Return the lines that run from the line containing "Este belo convite" through the end of the entries, both ends included. Leave out all pictures.

_ _ _ _ _

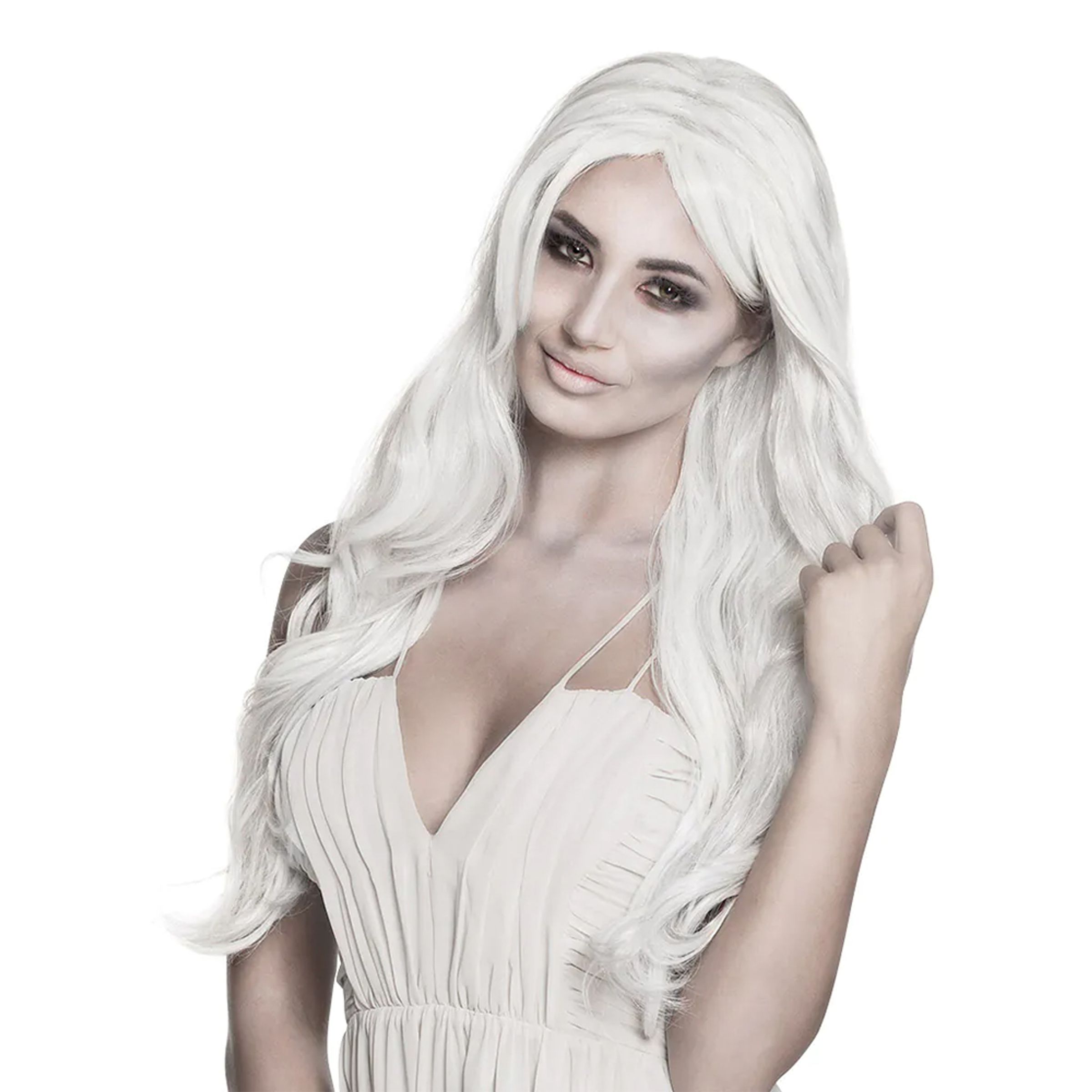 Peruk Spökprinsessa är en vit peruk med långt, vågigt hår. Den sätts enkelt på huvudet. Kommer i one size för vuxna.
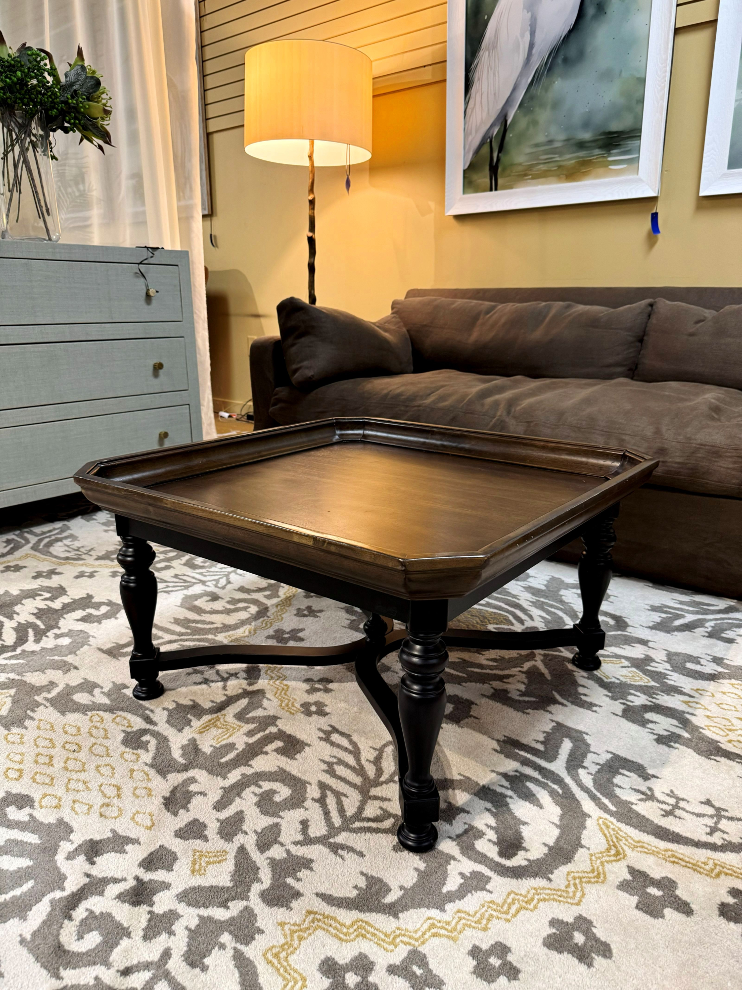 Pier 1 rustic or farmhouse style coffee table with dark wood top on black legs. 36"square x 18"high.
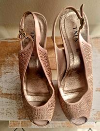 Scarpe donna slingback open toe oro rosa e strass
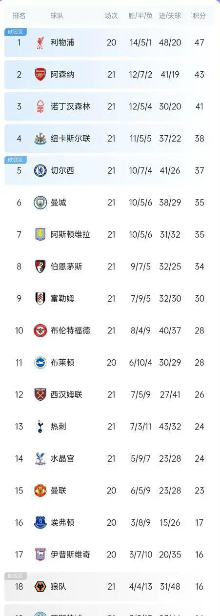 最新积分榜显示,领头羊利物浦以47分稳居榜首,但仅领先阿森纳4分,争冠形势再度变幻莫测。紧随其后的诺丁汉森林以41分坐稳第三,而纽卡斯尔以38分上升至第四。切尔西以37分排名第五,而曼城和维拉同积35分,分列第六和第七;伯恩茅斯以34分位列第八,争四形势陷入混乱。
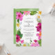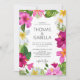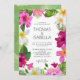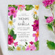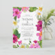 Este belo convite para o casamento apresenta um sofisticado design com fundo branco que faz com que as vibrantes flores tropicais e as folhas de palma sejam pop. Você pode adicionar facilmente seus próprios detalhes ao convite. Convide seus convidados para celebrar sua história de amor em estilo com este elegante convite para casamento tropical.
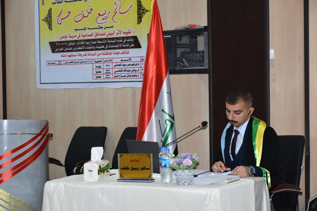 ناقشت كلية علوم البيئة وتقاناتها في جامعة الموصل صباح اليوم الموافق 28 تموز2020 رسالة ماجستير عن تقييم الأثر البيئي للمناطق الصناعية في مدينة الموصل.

_ _ _ _ _

#### Solution to this problem
 Este belo convite para o casamento apresenta um sofisticado design com fundo branco que faz com que as vibrantes flores tropicais e as folhas de palma sejam pop. Você pode adicionar facilmente seus próprios detalhes ao convite. Convide seus convidados para celebrar sua história de amor em estilo com este elegante convite para casamento tropical.
 ناقشت كلية علوم البيئة وتقاناتها في جامعة الموصل صباح اليوم الموافق 28 تموز2020 رسالة ماجستير عن تقييم الأثر البيئي للمناطق الصناعية في مدينة الموصل.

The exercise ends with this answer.